Working Girls
New York magazine|April 25-May 8, 2022
Grace and Frankie may be ending, but the era of Jane Fonda–Lily Tomlin collaborations is in full swing.
By E. Alex Jung
Working Girls

OVER THE DECADES, Jane Fonda’s and Lily Tomlin’s careers have hopscotched through various social spheres and weathered political crises and middle-aged invisibility to return with a late-career renaissance during the streaming wars. On Grace and Frankie, Netflix’s longest-running original series, the final episodes of which air April 29, they play rivals turned besties when their husbands fall in love with each other. Meeting over Zoom, Fonda, 84, in full incognito soccer-mom regalia— sunglasses, a beanie, and an eggplant tracksuit she will zip up to her chin— is forthright about what she would and wouldn’t like to talk about; Tomlin, 82, in a brown jacket and chunky necklace, is more improvisational and circumspect.
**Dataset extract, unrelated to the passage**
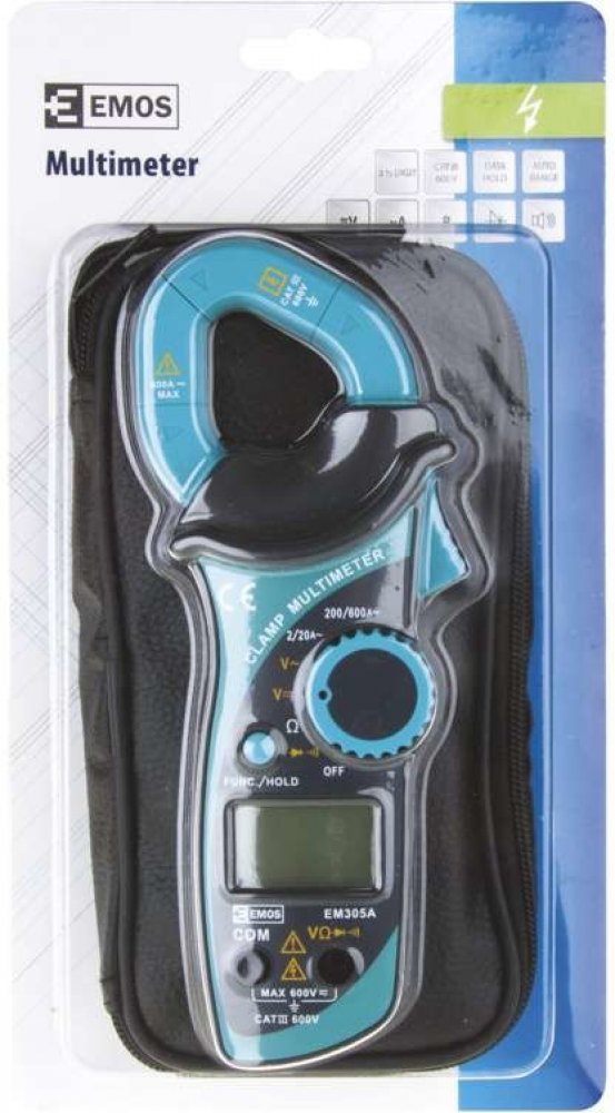 bezkontaktní detekce AC napětí: ne zobrazení displeje: 3,5 digit DC proud: ne AC napětí: 2 V–600 V klešťový multimetr: ano spojitost obvodů: ano indikace slabé baterie: ano elektrický odpor: 200 Ohm–20 MOhm záznam naměřené hodnoty: ano automatické vypnutí: ano DC napětí: 200 mV–600 V napájení: 2× 3 V CR2032 (součástí balení) měření teploty: ne součást dodávky: baterie, návod, měřicí hroty rozměr: 36 × 76 × 190 mm podsvícení displeje: ne volba rozsahu: automatická prodejní obal: 1 ks, blistr test diod: ano test baterií: ne test tranzistorů: ne AC proud: 2 A–600 A záznam max. hodnoty: ne kontaktní detekce AC napětí: ne

Fonda has described her life as being determined in some part by men (her father, her husbands), but onscreen, she feels most herself with Tomlin as her closest conspirator.

Who would you slap at the Oscars if you had a chance?

LILY TOMLIN: I’m not too good at slapping. I wouldn’t.

JANE FONDA: I wouldn’t slap anybody at the Oscars. There’s people I’d slap somewhere else.

What do you think about the entire situation?